■ GOAL OF THE EXERCISE ■
Below are the records; give again exactly the lines from the one containing "É possível conversar" through the one containing "SGP iPhone X Ultra Hybrid S 彈力支架 防摔防撞 手機殼-透明", leaving out pictures.

Start of DATA SHOWN

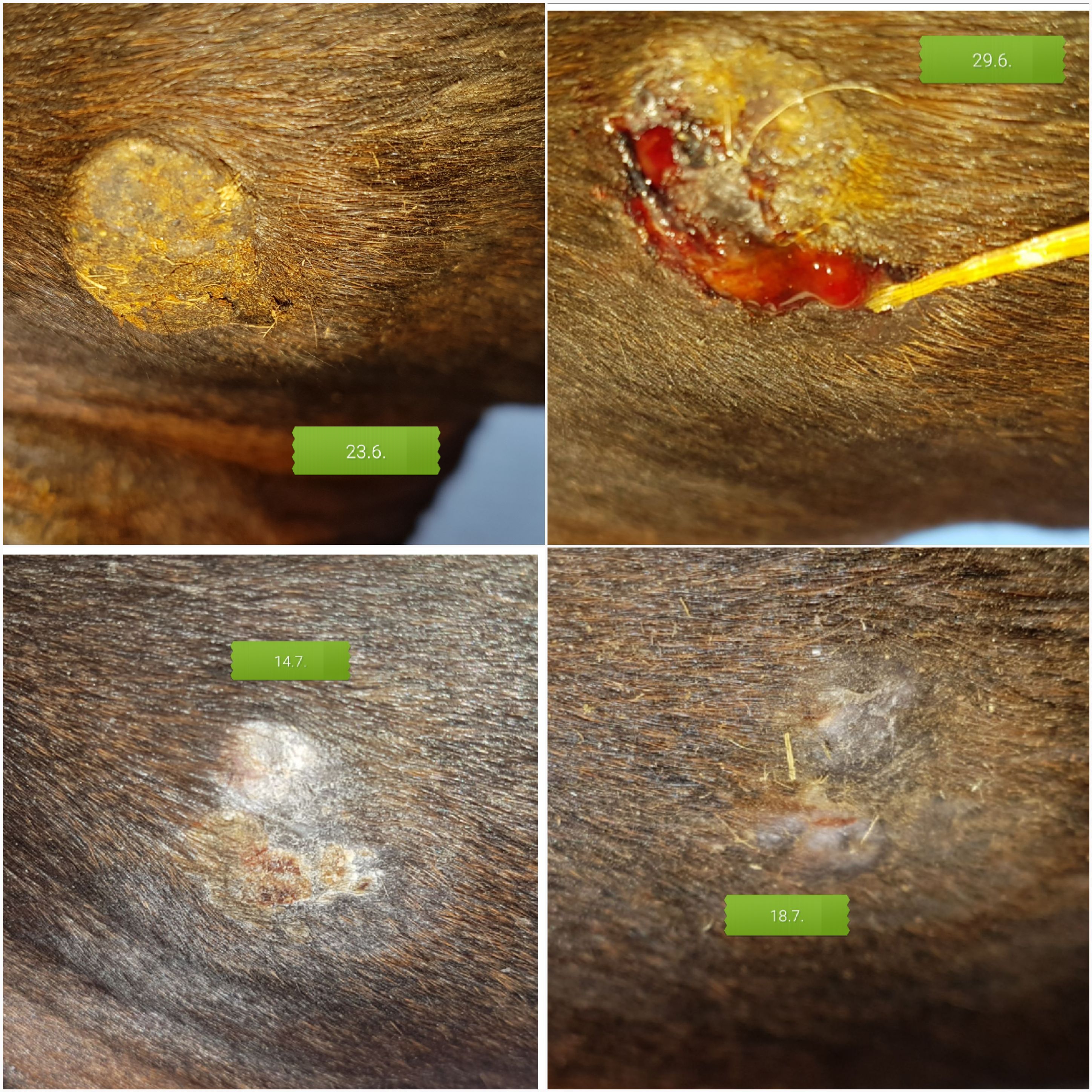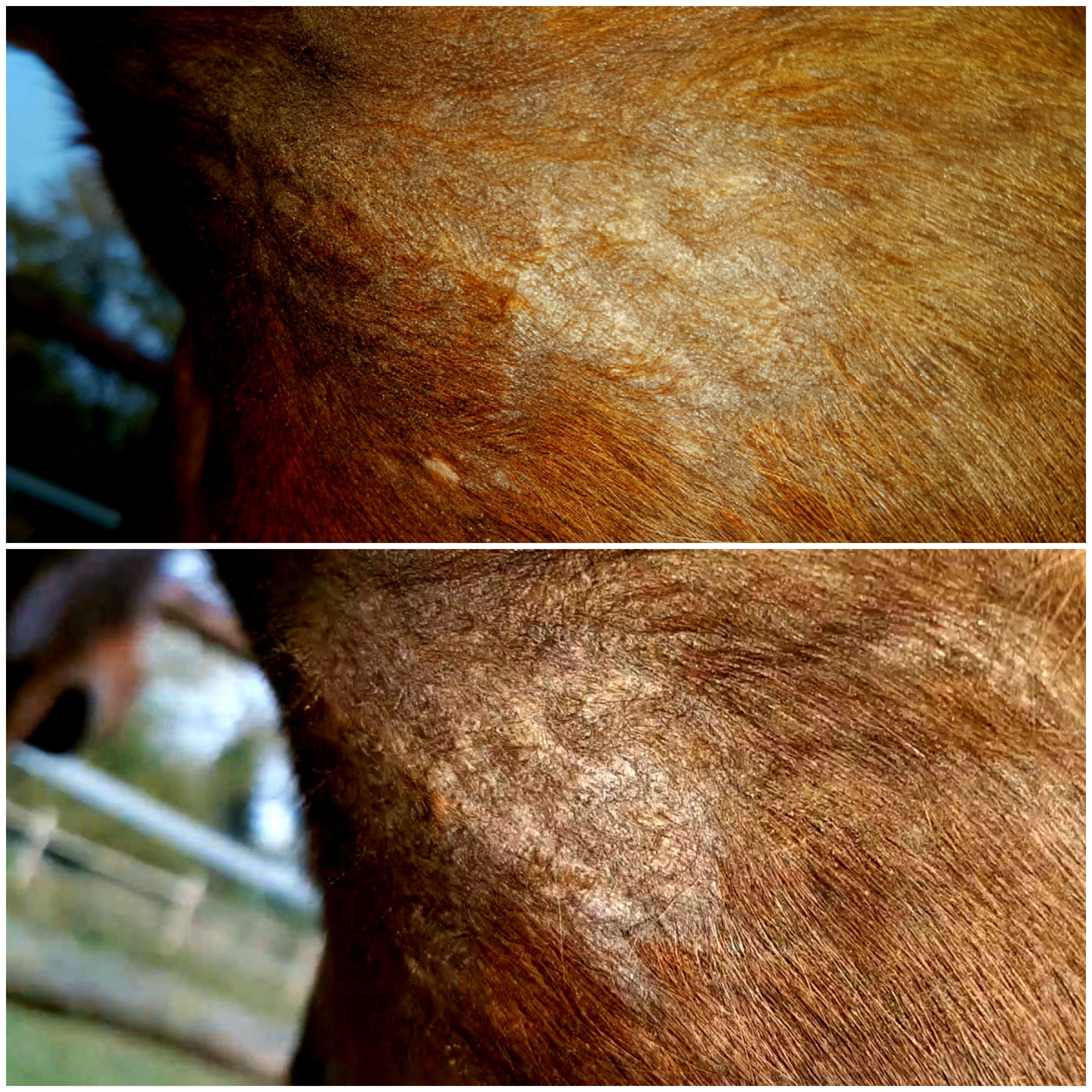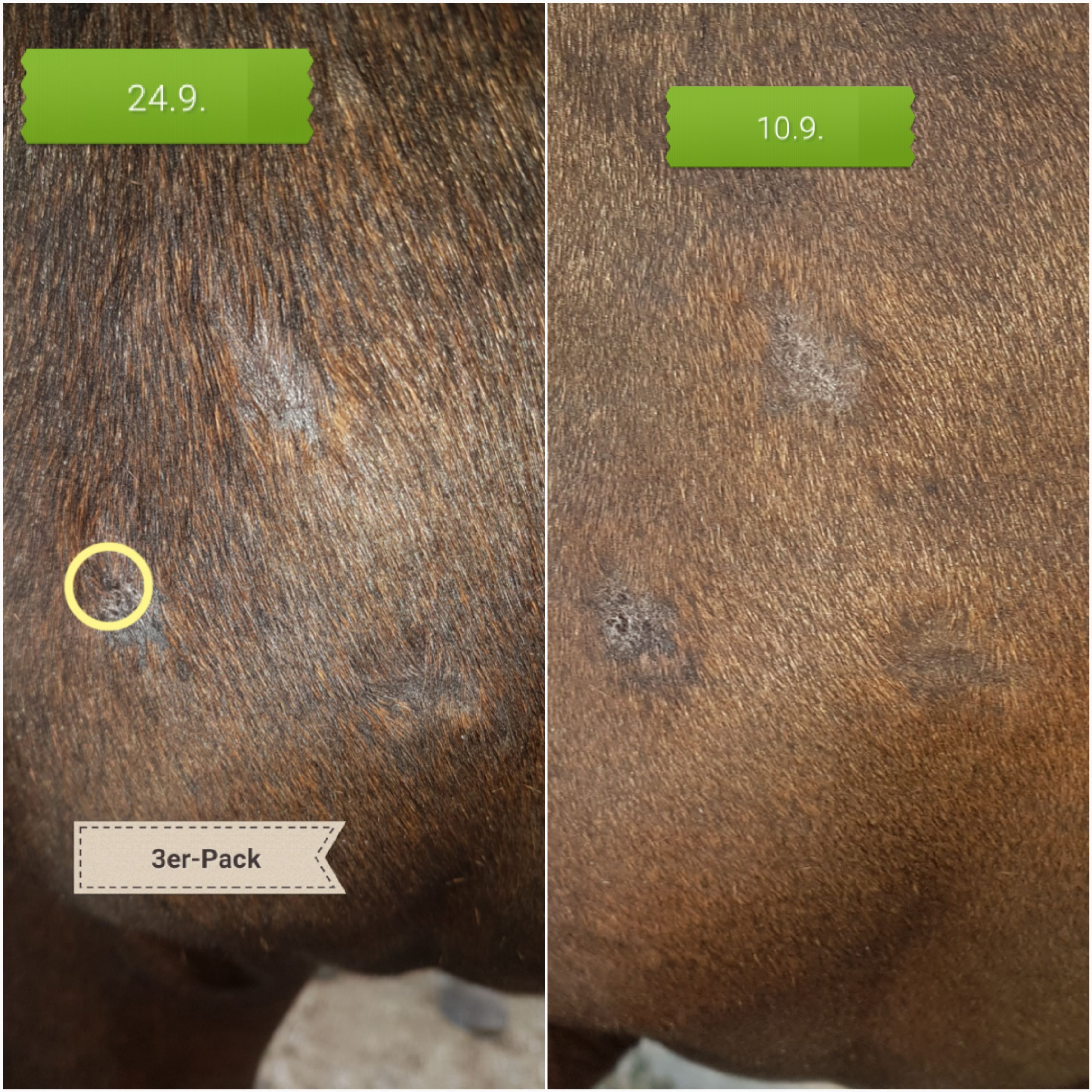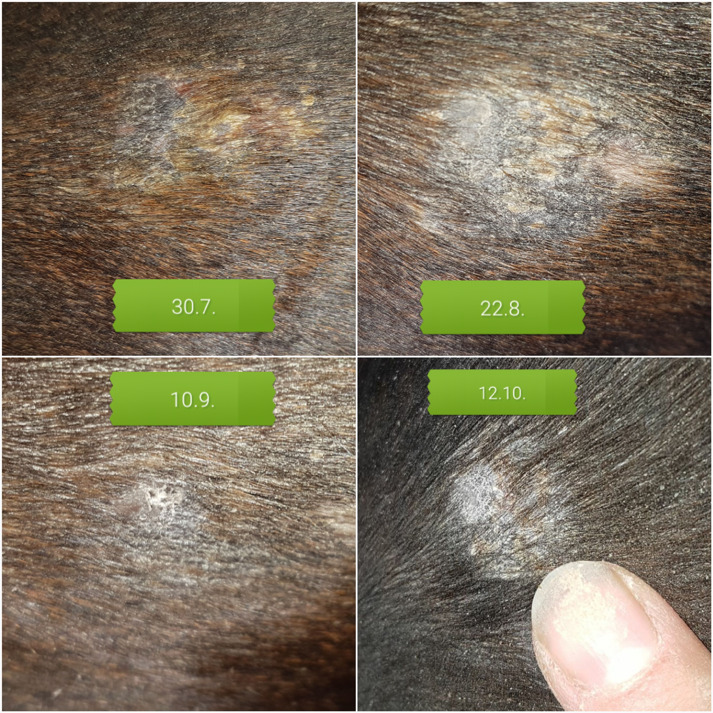 Und hier nochmal für alle Mitleser eine Bilderfolge der Gurtlage. Was meint Ihr? Am 18.7. sah es schon so gut wie erledigt aus. Nachdem die Ecke sich dann aber als hartnäckig gezeigt hat, habe ich nochmal ne pure Behandlung gestartet, als dann aber wieder großflächig alles haarlos war, bin ich auf verdünnt/Wundbehandlung umgestiegen bis ca. 10.9. und dann doch nochmal auf pur, weil die Ecke blieb. Jetzt bin ich ratlos, weil es am 18.7. im Nachhinein betrachtet eigentlich am Besten ausgesehen hat. Was sagt Ihr?
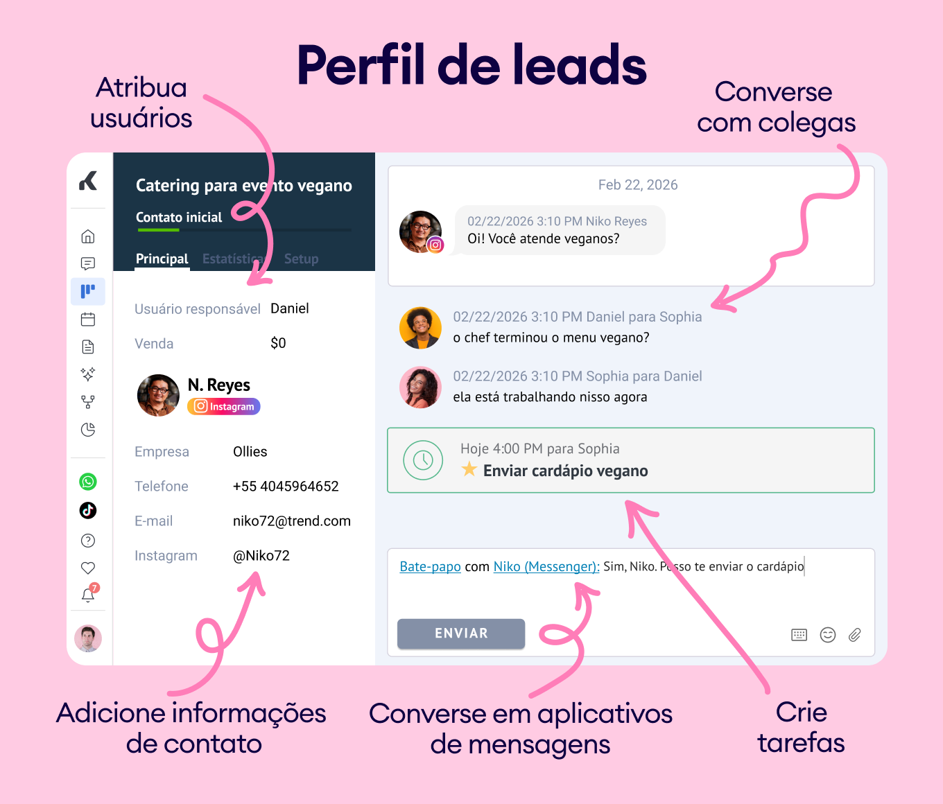É possível conversar com colegas, definir tarefas e criar lembretes diretamente no cartão de leads da Kommo, agilizando o fluxo de trabalho da equipe e garantindo que todos clientes sejam atendidos. 😎
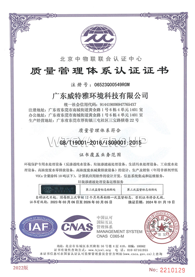 質(zhì)量管理體系認(rèn)證證書(shū)
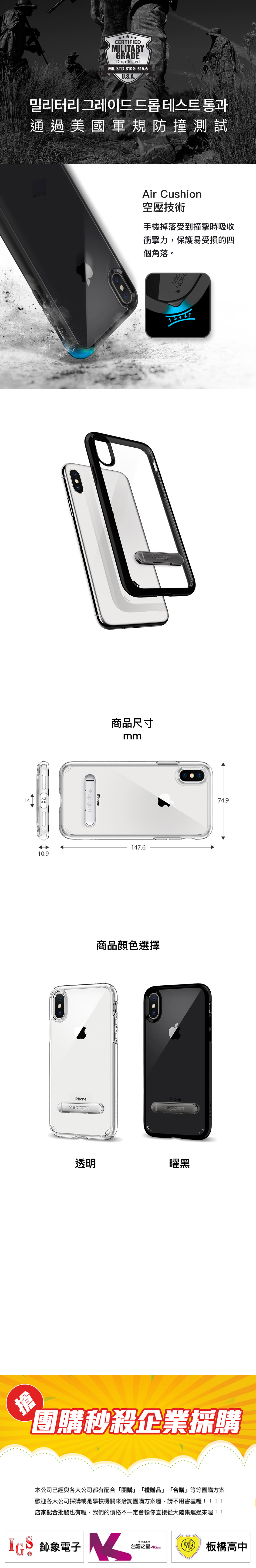 SGP iPhone X Ultra Hybrid S 彈力支架 防摔防撞 手機殼-透明
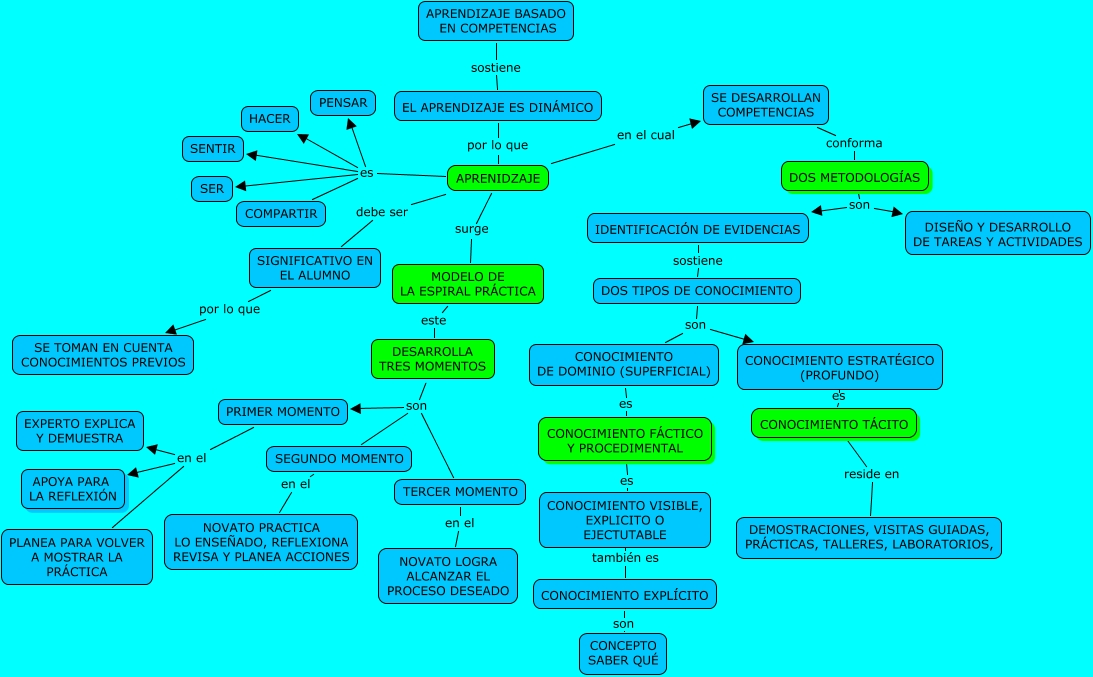 Este Cmap, tiene información relacionada con: APRENDIZAJE BASADO EN COMPETENCIAS, DOS METODOLOGÍAS son IDENTIFICACIÓN DE EVIDENCIAS, CONOCIMIENTO ESTRATÉGICO (PROFUNDO) es CONOCIMIENTO TÁCITO, APRENIDZAJE surge MODELO DE LA ESPIRAL PRÁCTICA, APRENIDZAJE debe ser SIGNIFICATIVO EN EL ALUMNO, TERCER MOMENTO en el NOVATO LOGRA ALCANZAR EL PROCESO DESEADO, SE DESARROLLAN COMPETENCIAS conforma DOS METODOLOGÍAS, DOS TIPOS DE CONOCIMIENTO son CONOCIMIENTO DE DOMINIO (SUPERFICIAL), APRENIDZAJE es HACER, SIGNIFICATIVO EN EL ALUMNO por lo que SE TOMAN EN CUENTA CONOCIMIENTOS PREVIOS, APRENIDZAJE es COMPARTIR, DESARROLLA TRES MOMENTOS son PRIMER MOMENTO, CONOCIMIENTO VISIBLE, EXPLICITO O EJECTUTABLE también es CONOCIMIENTO EXPLÍCITO, DESARROLLA TRES MOMENTOS son TERCER MOMENTO, APRENDIZAJE BASADO EN COMPETENCIAS sostiene EL APRENDIZAJE ES DINÁMICO, PRIMER MOMENTO en el EXPERTO EXPLICA Y DEMUESTRA, APRENIDZAJE es SER, DESARROLLA TRES MOMENTOS son SEGUNDO MOMENTO, APRENIDZAJE es PENSAR, APRENIDZAJE es SENTIR, IDENTIFICACIÓN DE EVIDENCIAS sostiene DOS TIPOS DE CONOCIMIENTO
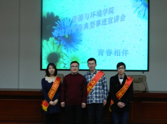 3月24日晚,资源与环境学院在学术会馆第二报告厅进行了“身边的典型事迹宣讲会”。三农学会代表徐玉超、电子商务专业实践团队代表韩雪、创业先锋王骥鹏应邀参加宣讲,学院团委委员、2012级全体学生参加会议,会议由学院分团委书记李永青主持。
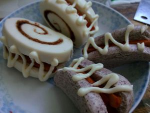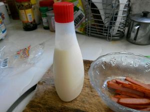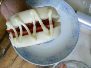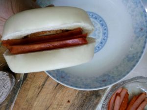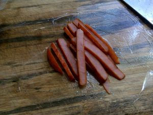 我用的是一块火腿肉饼 把肉饼切成条状 拿培根或烤肉因该也很不错哦
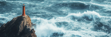 Red lighthouse is standing on a rocky coast during a storm, with big waves crashing around it, creating a dramatic and powerful scene of natures forces
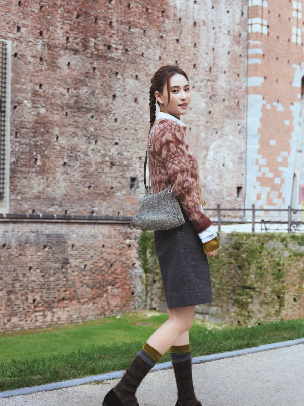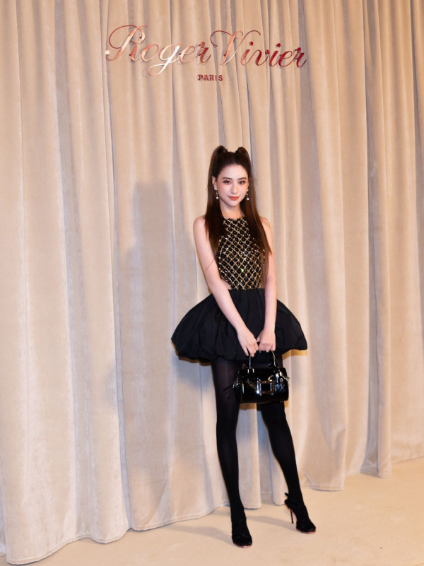 何超蓮一向鍾情於Roger Vivier,連婚鞋也是由品牌設計總監Gherardo Felloni親自為她打造。何超蓮今次以一身黑金格紋上衣搭配黑色泡泡裙,並以雙馬尾造型亮相。今次何超蓮和Yeji極罕同場Roger Vivier2026新品預覽會震驚不少網民!
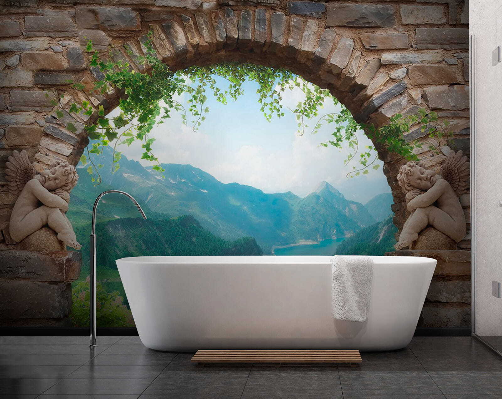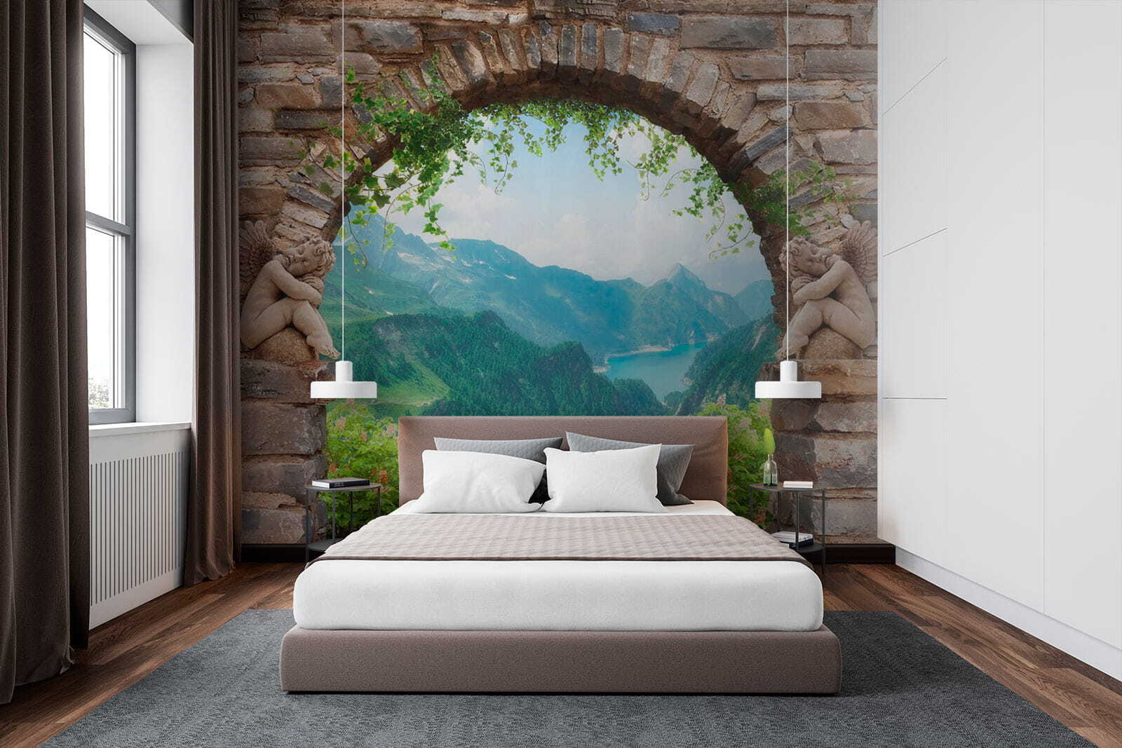 Imaginez que vous franchissez une arche de pierre rustique qui mène directement à une vue imprenable sur la vallée. Cette peinture murale n’est pas seulement une décoration ; elle suscite une petite aventure chaque jour. Imaginez que vous sirotiez votre café du matin en contemplant la verdure luxuriante et l’eau scintillante en contrebas. Les chérubins enjoués de chaque côté ajoutent une touche de fantaisie, donnant l’impression d’une scène tirée d’un conte de fées. Parfaite pour un salon ou un coin douillet, cette peinture murale transforme n’importe quel espace en une évasion de rêve. C’est comme si vous aviez un petit morceau de nature sur votre mur, invitant sans effort un sentiment de calme et d’émerveillement dans la vie quotidienne. N’oubliez pas d’arroser ces plantes imaginaires !
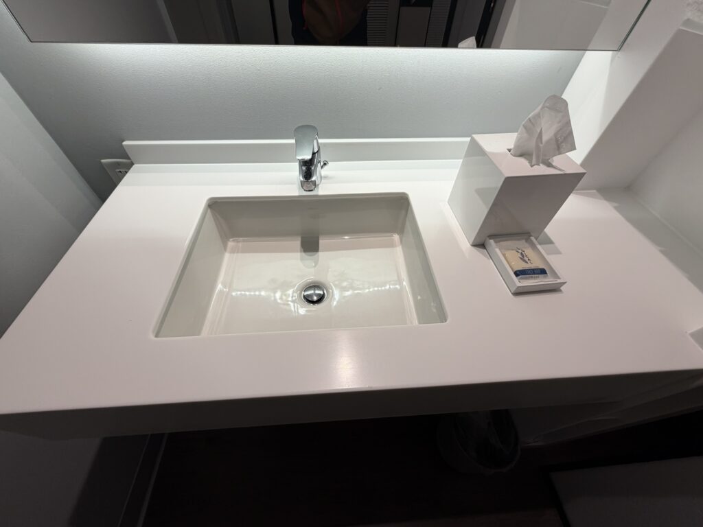 An up close view of the sink, along with complimentary soap and facial tissue.
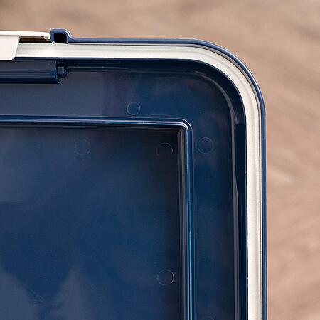 IRIS USA 50 Lbs / 69 Qt WeatherPro Airtight BPA-Free Pet Food Storage Container with Attachable Casters (Clear/Navy, 105885) for $18.49 >

End of DATA SHOWN

■ OUTPUT FOR THIS TASK ■
É possível conversar com colegas, definir tarefas e criar lembretes diretamente no cartão de leads da Kommo, agilizando o fluxo de trabalho da equipe e garantindo que todos clientes sejam atendidos. 😎
 質(zhì)量管理體系認(rèn)證證書(shū)
 SGP iPhone X Ultra Hybrid S 彈力支架 防摔防撞 手機殼-透明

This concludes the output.